The cardinality of a metric is the product of its labels’ cardinalities. ratelimit_requests_total{route, method, tier, decision} with 40 routes × 5 methods × 4 tiers × 2 decisions is 1,600 series — trivial. Add one bad label and the math changes catastrophically.

The cardinal sin: never label by raw API key or client identifier. A label like api_key="acct_8f3a92…" or user_id or ip has unbounded cardinality — it grows with your customer base. With 200,000 active keys, that single label multiplies every metric it touches by 200,000. This is the most common way teams take down their own monitoring.

Safe label design follows a few rules:

  • Label by key_class, not by key. Bucket clients into a small fixed set — anonymous, free, pro, enterprise, internal — and label by that. You keep the slice you care about (which tier is being throttled) without unbounded growth.
  • Use route templates, not raw paths. Label route="/v1/users/:id", never route="/v1/users/8f3a92". Raw path parameters are unbounded the same way keys are. Most frameworks expose the matched route template.
  • Keep decision, method, tier low-cardinality by construction. These are enumerations with a handful of values. They are safe to multiply.
  • Pre-aggregate the high-cardinality questions. “Which specific key is over limit?” is a logs/events question, not a metrics question. Emit a structured log line for the offending key and keep the metric labelled by class. Dashboards answer “which key class / route”, logs answer “which exact key”.
  • Bound histogram buckets. Each histogram bucket is also a series (per label combo). Ten well-chosen buckets are plenty; do not define forty.

A useful sanity check: estimate series = Σ over metrics of (∏ label cardinalities × buckets). If any single metric exceeds a few thousand series, find the unbounded label — it is almost always an identifier that slipped in.

Made concrete, the difference between a label that costs you nothing and one that takes down Prometheus is rarely subtle once you see them side by side:

Bad label (unbounded) Why it explodes Good label (bounded) Bounded count
api_key="acct_8f3a92e1" One series per customer; grows with signups forever key_class="enterprise" ~5 classes
route="/v1/users/8f3a92" One series per path parameter value route="/v1/users/:id" ~40 templates
client_ip="203.0.113.7" Effectively unbounded; one series per visitor ip_version="v4" or omit ~2 (or drop)
user_agent="curl/8.4.0 ..." Thousands of distinct UA strings client_kind="sdk"/browser/bot ~4 buckets
error="ECONNREFUSED at :6379 ..." Free-text message; near-infinite variants error="conn"/timeout/script ~4 classes
region="us-east-1a-rack42-host09" Per-host explosion region="us-east-1" ~10 regions

The pattern across every row is the same: the bad label encodes identity (which key, which IP, which exact host, which raw message), and the good label encodes a class the identity falls into.
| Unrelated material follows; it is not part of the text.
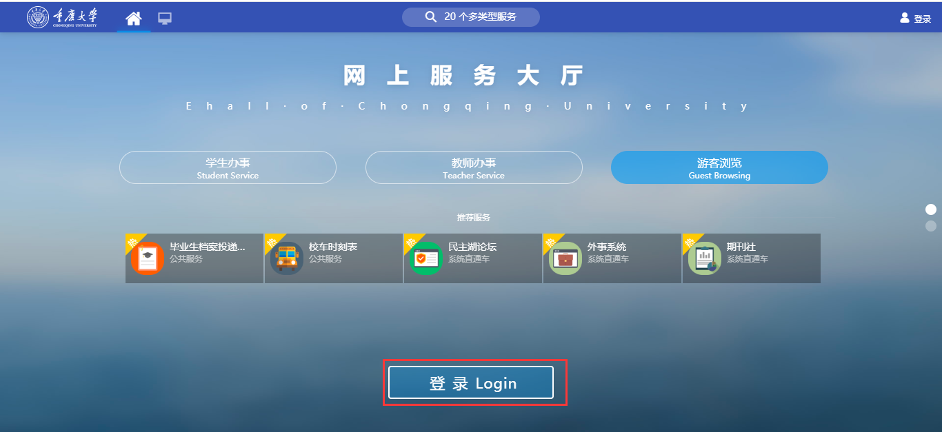 (1)在浏览器上输入网址//i.jjshuroom.com进入网上服务大厅登录页,点击登录,输入统一认证号和密码,进入禁忌书屋 网上服务大厅,如图所示:

The fix is never “drop the metric” — it is “bucket the identity into a fixed enumeration and put the raw identity in a log instead.” When a stack trace or a raw key genuinely needs to be findable, that is a structured log line keyed by trace ID, not a metric label.

One more failure pattern deserves naming because it hides: a label that is bounded today but unbounded over time. version="v1.4.2-rc3" looks like a small enumeration, but every deploy adds a new value and old series never disappear, so over months the cardinality creeps up unbounded. The same applies to feature_flag, experiment, or any label whose value space grows with releases. Treat slowly-unbounded labels with the same suspicion as obviously-unbounded ones; the only difference is how long the outage takes to arrive.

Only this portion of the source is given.